Из мэтров местного Пролеткульта самым состоявшимся считался Анатолий Заруба. Он был маститый автор,  писавший стихи и прозу и публиковавший их в Мариуполе и Донецке. Закоренелый производственник, он не выходил за пределы заводской темы и  казался скучным. С ним и выпивать было неинтересно, а мы это занятие очень даже любили. Летом засиживались после бурных споров в городском парке, в открытом кафе возле  теннисного корта.  За столиком под кустом цветущей  сирени, с бутылкой-двумя сухого грузинского «Ркацители» - любимого вина нашей юности,  дешевого и безвредного. Прошел теплый  дождик,  с куста тихо капало и  пахло мокрой зеленью. Мы по очереди читали стихи, и у Зарубы они были такие же тяжелые и корявые, как его рабочие руки…
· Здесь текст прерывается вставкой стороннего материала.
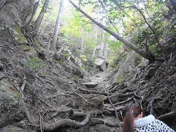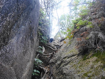 11:10 夕陽岳に向う鎖場。 |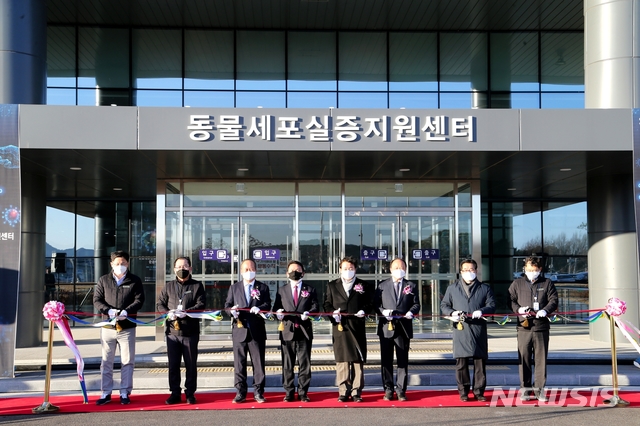 [안동=뉴시스] 김진호 기자 = 경북 안동시에서 동물세포실증지원센터가 착공 4년 만에 준공됐다.산업통상자원부 주최로 28일 준공식을 열었다.

Анатолий Белоус, напротив, был ярок и многоцветен. Обожал Паустовского, Багрицкого, Бабеля, все время их  цитировал и писал стихи крепкие, сочные – южные. Пропахшие морем, степью и романтикой Гражданской войны. Прозу он еще не писал –  да мы все за редким исключением ее не писали, только стихи. В 60-е годы Анатолий полюбил морские приключения, украинскую вольницу, батьку Махно и писал о них всю жизнь.

                                            Продолжение следует…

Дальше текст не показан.